- _Assignment_:
With the exception of the pictures, write out the data below precisely.

- _Dataset extract_:
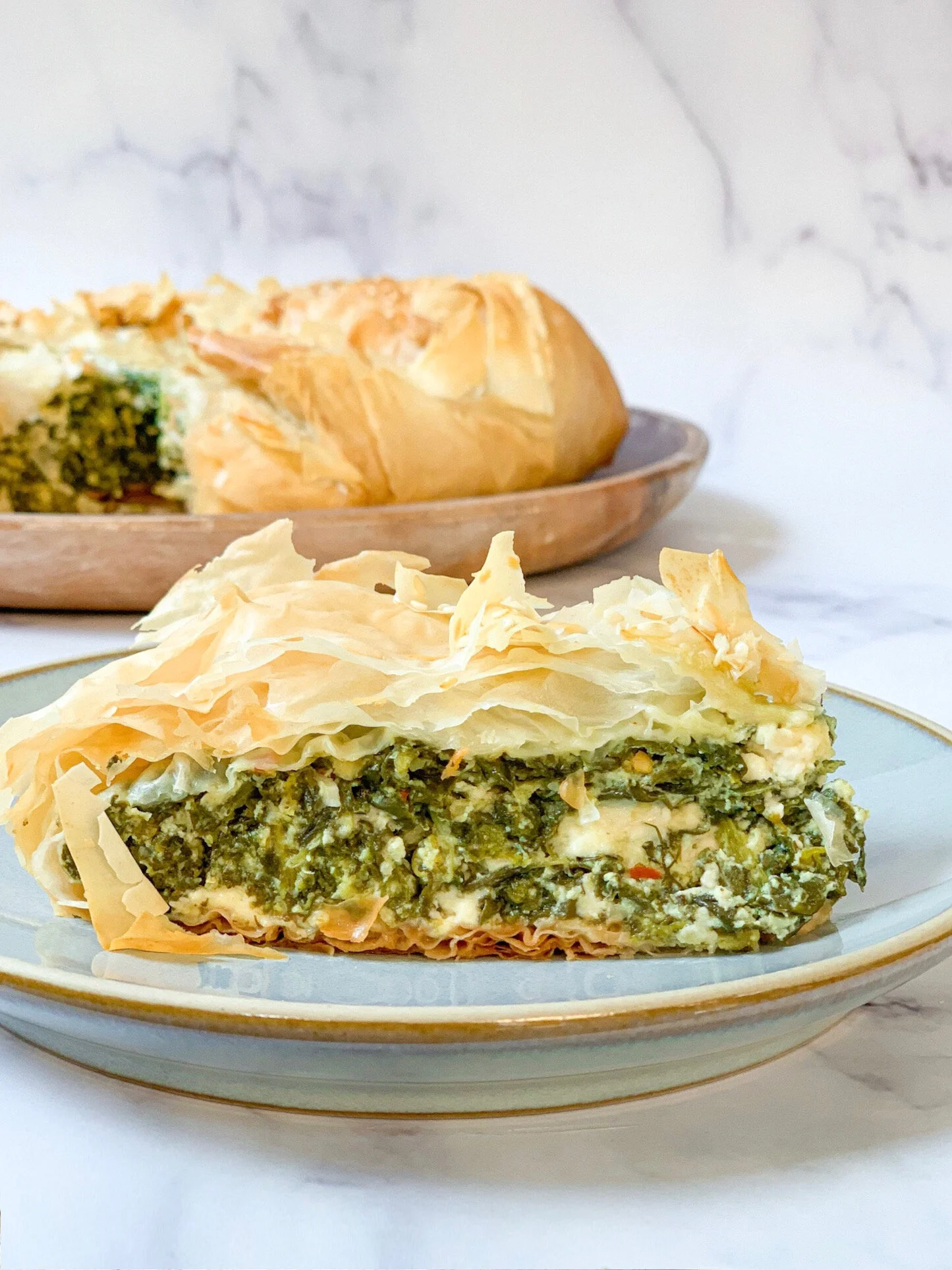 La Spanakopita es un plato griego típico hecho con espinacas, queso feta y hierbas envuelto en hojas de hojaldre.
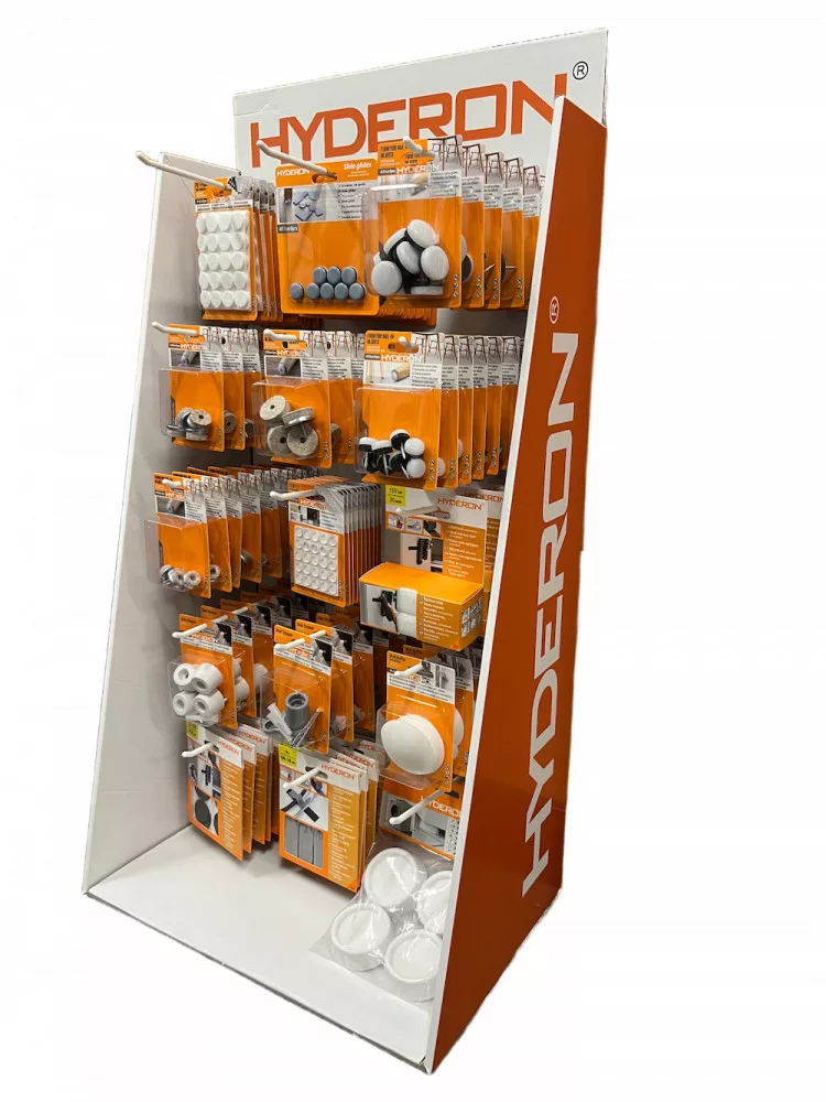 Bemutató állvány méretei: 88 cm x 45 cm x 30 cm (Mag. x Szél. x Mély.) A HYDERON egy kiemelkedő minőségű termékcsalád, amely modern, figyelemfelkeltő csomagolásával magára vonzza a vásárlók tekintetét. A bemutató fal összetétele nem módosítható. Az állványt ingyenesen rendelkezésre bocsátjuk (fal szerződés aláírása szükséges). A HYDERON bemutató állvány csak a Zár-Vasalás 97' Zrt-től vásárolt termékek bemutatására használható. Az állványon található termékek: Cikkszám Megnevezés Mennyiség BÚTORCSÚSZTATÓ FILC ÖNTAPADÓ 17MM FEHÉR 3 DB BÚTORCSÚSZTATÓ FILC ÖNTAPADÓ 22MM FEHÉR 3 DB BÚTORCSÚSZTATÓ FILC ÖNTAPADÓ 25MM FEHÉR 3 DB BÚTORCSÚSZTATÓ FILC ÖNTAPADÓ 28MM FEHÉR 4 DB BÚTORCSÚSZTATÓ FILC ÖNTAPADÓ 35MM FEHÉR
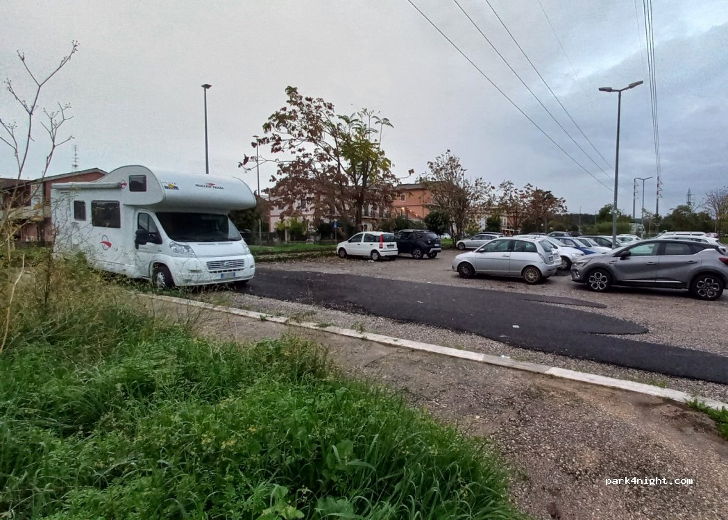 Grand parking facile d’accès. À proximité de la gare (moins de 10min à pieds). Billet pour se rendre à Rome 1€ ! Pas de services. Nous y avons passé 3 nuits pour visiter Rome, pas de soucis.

- _Output for this task_:
 La Spanakopita es un plato griego típico hecho con espinacas, queso feta y hierbas envuelto en hojas de hojaldre.
 Bemutató állvány méretei: 88 cm x 45 cm x 30 cm (Mag. x Szél. x Mély.) A HYDERON egy kiemelkedő minőségű termékcsalád, amely modern, figyelemfelkeltő csomagolásával magára vonzza a vásárlók tekintetét. A bemutató fal összetétele nem módosítható. Az állványt ingyenesen rendelkezésre bocsátjuk (fal szerződés aláírása szükséges). A HYDERON bemutató állvány csak a Zár-Vasalás 97' Zrt-től vásárolt termékek bemutatására használható. Az állványon található termékek: Cikkszám Megnevezés Mennyiség BÚTORCSÚSZTATÓ FILC ÖNTAPADÓ 17MM FEHÉR 3 DB BÚTORCSÚSZTATÓ FILC ÖNTAPADÓ 22MM FEHÉR 3 DB BÚTORCSÚSZTATÓ FILC ÖNTAPADÓ 25MM FEHÉR 3 DB BÚTORCSÚSZTATÓ FILC ÖNTAPADÓ 28MM FEHÉR 4 DB BÚTORCSÚSZTATÓ FILC ÖNTAPADÓ 35MM FEHÉR
 Grand parking facile d’accès. À proximité de la gare (moins de 10min à pieds). Billet pour se rendre à Rome 1€ ! Pas de services. Nous y avons passé 3 nuits pour visiter Rome, pas de soucis.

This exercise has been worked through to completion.